The goal of my little macro is to find the 1000th row, and append a nonsense string to it, so that I can then transpose the data and add commas between the row values.
I found a search term for the replace function:((.+?\r\n){1000}) and I replace with: ZZZZZ
When I have less than 2500 rows, everything works fine. If I got over that number (it is approximate), I get an error saying: The complexity of matching the expression has exceeded available resources. Google has given me about 3 results with this specific problem, one of which was on stackoverflow, but it seems to focus on a very different topic. Topic: (Different results for unicode/multibyte modifier and mb_ereg_replace)
Could someone please tell me why I am getting this error and how to fix it, or a different way to append "ZZZZZ" to every 1000th row in my data set?
A marking/capturing group within a marking/capturing group results in an undefined behavior which is nearly always not the expected result.
A correct Perl regular expression search string would be: ^((?:.+?\r\n){1000})
The inner group is now a non marking group because of ?:
after opening parenthesis.

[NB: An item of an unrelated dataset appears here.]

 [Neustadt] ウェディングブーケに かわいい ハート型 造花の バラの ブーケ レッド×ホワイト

The inner group is defined only to be able to apply the multiplier expression and therefore should not mark something, i.e. copy found string on stack for re-use via a back reference.
Note for the future:
A multiplier like ?
, +
, *
, {n}
, {n,}
, {n,m}
applied on a marking group is always wrong.

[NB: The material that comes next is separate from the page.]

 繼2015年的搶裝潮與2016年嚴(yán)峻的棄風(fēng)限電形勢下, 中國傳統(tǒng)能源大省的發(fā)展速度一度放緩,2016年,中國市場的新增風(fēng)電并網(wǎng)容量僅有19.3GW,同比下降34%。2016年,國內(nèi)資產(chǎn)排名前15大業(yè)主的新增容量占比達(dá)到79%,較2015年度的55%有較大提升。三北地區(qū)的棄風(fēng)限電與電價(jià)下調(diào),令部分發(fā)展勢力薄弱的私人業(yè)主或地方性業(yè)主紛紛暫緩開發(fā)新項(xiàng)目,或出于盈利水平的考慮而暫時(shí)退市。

It is also important on using .*
(any character except newline characters 0 or more times) or .+
(any character except newline characters 1 or more times) to give the Perl regular expression engine an anchor where to start and where to end matching characters. End for matching characters is defined by \r\n
. But the beginning for matching characters is not defined in your search expression. That's the reason why I added ^
... begin of a line. I have often seen unexpected find/replace results on using .*
or .+
without specifying in search string where matching characters should start and end.

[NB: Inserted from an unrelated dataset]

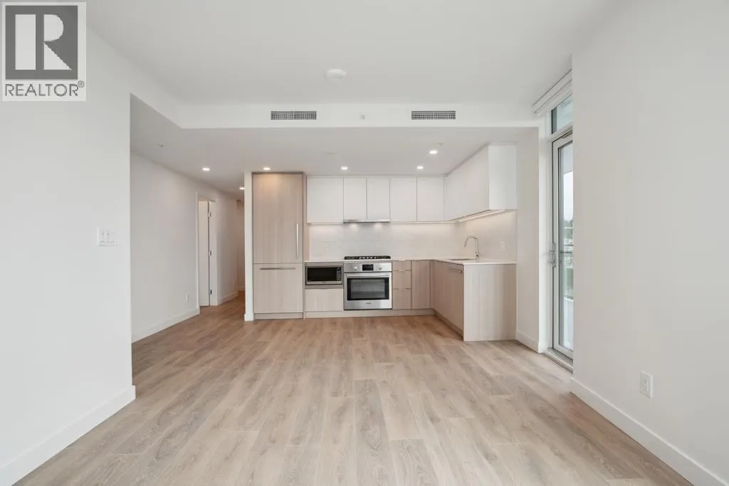 This 772sf luxurious 2 bedrooms 2 bathrooms corner unit has 8.5′ ceilings, roller blinds and an in-home heating and cooling system (system only). The open rectangular living-dining room has lots of natural lights coming in from multiple windows from two sides, access to the huge covered 173sf balcony. The sleek kitchen features two rows of light two-toned cabinets, under-cabinet lights,

This search expression matches 1000 lines completely with carriage return and line feed and using $1
or \1
could be used to back reference this block and insert on next line the string ZZZZZ
.
But ZZZZZ
should be inserted at end of each 1000th line and not at beginning of the next line.
For that reason this search expression is required: ^((?:.*?\r\n){999}.*)$
The replace string is \1ZZZZZ
or $1ZZZZZ
The search string starting each search at beginning of a line - very important here - matches 999 lines with 0 or more characters in each line and 0 or more characters greedy on 1000th line up to but not including the newline characters carriage return and line feed. $
works also for end of file with Perl regular expression engine. Therefore this Perl regular expression search string works also for example for a file with exactly 5000 lines whereby the last line has no line termination.
Why is ^
here very important to get the right result?
After inserting ZZZZZ
at end of each 1000th line, the current position is at end of the 1000th line immediately before carriage return and line feed of this line. Without ^
the search would start with matching \r\n
(.*
... 0 or more) of the current 1000th line and not at beginning of the next line below.